Mini-Review: Love, Death & Robots (11-18)

Lucky 13

We finally watched the rest of Love, Death & Robots, a collection of animated short stories of genre fiction on Netflix. I recently reviewed (and criticized) the earlier episodes here.

11. Helping Hand: Photo-realistic animation, well done, very credible. Actually has a plot complete with resolution. Diversity: the only visible character reads as a white woman. Male Gaze Factor (MGF): 1/5. Unfortunately, it’s about a woman who has to cut off her own limb to survive. She is capable, determined, smart — but we hear extensive screams of horrific pain. I’ve noticed that the soundtrack of a lot of prominent digital games feature a lot of women screaming in terror and pain, and it hits me viscerally, which I assume is the point.

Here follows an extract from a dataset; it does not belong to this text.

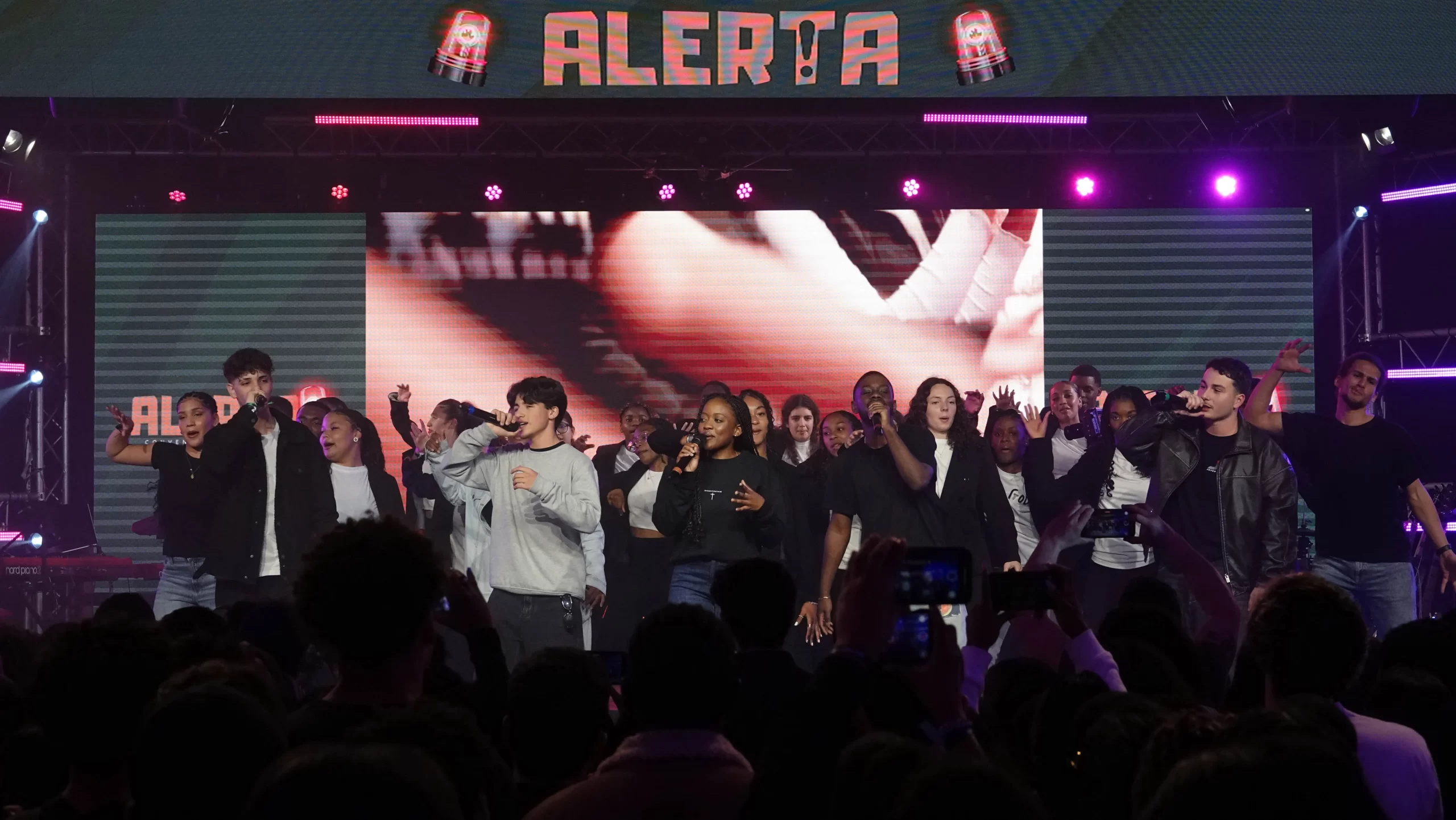 Em seguida, foi apresentado um número especial com o tema “Alerta”, marcando um momento de ânimo e reflexão. Recebemos diversas bandas e grupos que trouxeram as suas músicas para animar a plateia, entre elas: Key B, The Way e The Disciples com Soulfishers.

12. Fish Night: Beautiful classic-style animation, enjoyable to watch. Plot: Fishtail ending, as we’d say in French. Diversity: None, the characters are two white guys. MGF: 1/5. No women at all, but at least no gross discussion of women.

13. Lucky 13: Realistic-looking animation. With the main character, Lt. “Cutter” Colby, we pretty much emerge from the uncanny valley; she is well animated, looks real and reminded me of actress Samira Wiley… who, it turns out, voices the character. The animation of other characters looks stiffer, less realistic. There is a good deal of fighting over rocky planets, reminding me of 3:16… Diversity: Thumbs up; characters and voice actors are of different ethnicities and genders. MGF: 0/5.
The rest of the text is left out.